[[ Records to process open ]]

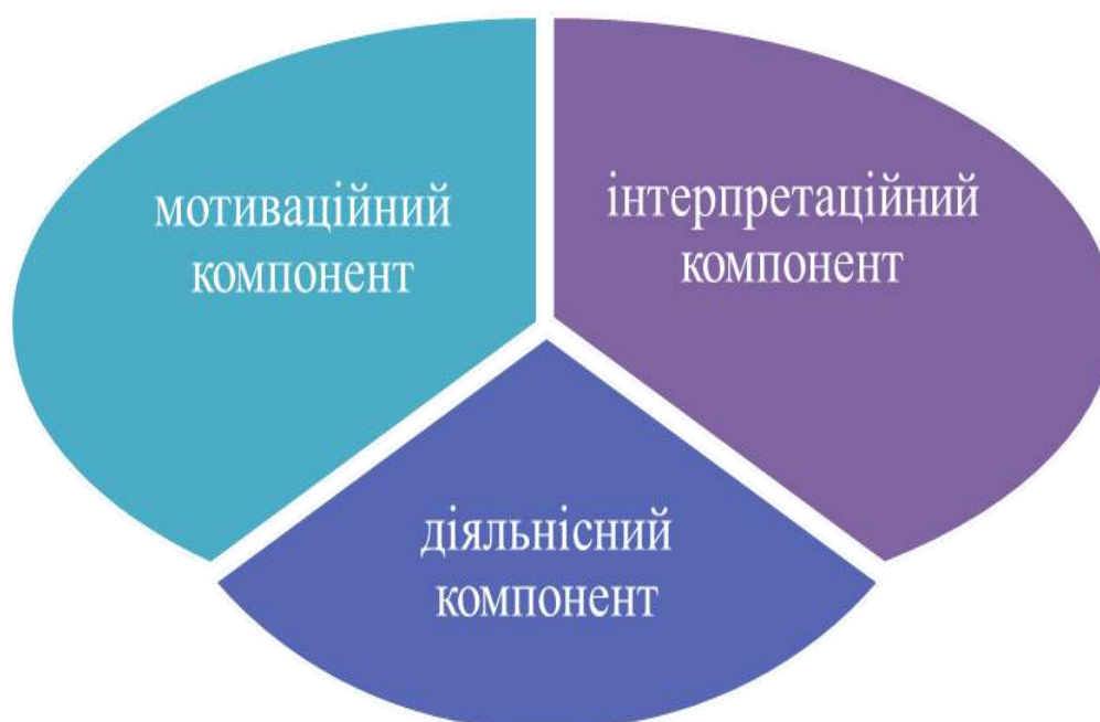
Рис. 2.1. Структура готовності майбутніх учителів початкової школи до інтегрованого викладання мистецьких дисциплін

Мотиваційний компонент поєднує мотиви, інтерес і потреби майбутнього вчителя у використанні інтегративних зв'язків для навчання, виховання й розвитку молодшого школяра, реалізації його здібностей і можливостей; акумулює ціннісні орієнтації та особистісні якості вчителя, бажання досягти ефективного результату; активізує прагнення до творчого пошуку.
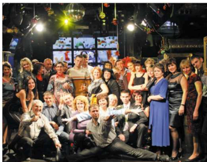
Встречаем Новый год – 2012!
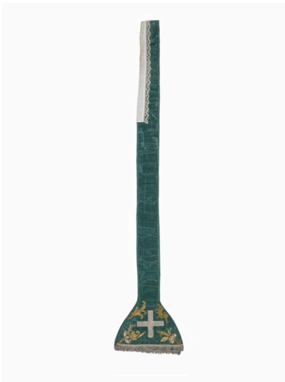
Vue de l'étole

[[ Records to process closed ]]
[[ Records to process open ]]

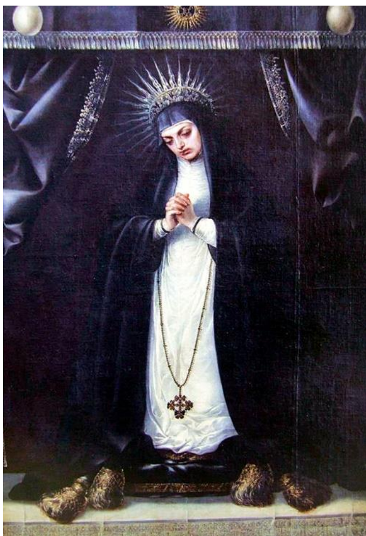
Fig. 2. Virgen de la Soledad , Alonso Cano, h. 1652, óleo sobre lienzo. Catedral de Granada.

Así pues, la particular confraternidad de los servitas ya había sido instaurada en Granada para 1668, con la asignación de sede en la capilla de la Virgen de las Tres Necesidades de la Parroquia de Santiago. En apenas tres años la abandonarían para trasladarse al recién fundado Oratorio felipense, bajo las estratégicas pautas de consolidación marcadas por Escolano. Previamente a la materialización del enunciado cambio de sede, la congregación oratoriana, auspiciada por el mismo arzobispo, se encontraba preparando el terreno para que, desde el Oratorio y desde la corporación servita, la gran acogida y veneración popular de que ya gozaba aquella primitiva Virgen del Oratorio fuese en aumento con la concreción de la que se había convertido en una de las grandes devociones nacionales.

[[ Records to process closed ]]
[[ Records to process open ]]

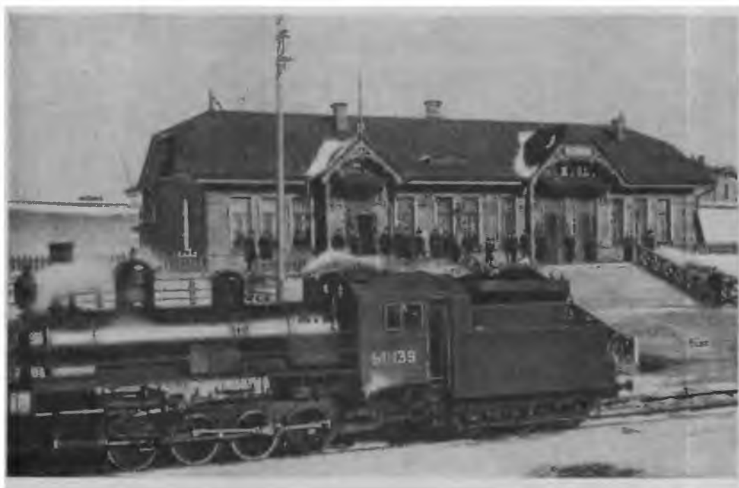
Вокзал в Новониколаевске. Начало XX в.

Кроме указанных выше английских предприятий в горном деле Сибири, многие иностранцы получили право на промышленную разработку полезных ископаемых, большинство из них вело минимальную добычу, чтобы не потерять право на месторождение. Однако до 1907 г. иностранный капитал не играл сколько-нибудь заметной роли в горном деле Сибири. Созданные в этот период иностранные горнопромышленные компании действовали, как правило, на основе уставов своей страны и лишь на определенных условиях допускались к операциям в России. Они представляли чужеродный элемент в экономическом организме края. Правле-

[[ Records to process closed ]]

— Exercise prompt —
Could you transcribe exactly the entries above, but only the lines from the one with "Рис. 2.1. Структура" through the one with "Vue de l'étole", and without pictures?

— Response below —
Рис. 2.1. Структура готовності майбутніх учителів початкової школи до інтегрованого викладання мистецьких дисциплін

Мотиваційний компонент поєднує мотиви, інтерес і потреби майбутнього вчителя у використанні інтегративних зв'язків для навчання, виховання й розвитку молодшого школяра, реалізації його здібностей і можливостей; акумулює ціннісні орієнтації та особистісні якості вчителя, бажання досягти ефективного результату; активізує прагнення до творчого пошуку.
Встречаем Новый год – 2012!
Vue de l'étole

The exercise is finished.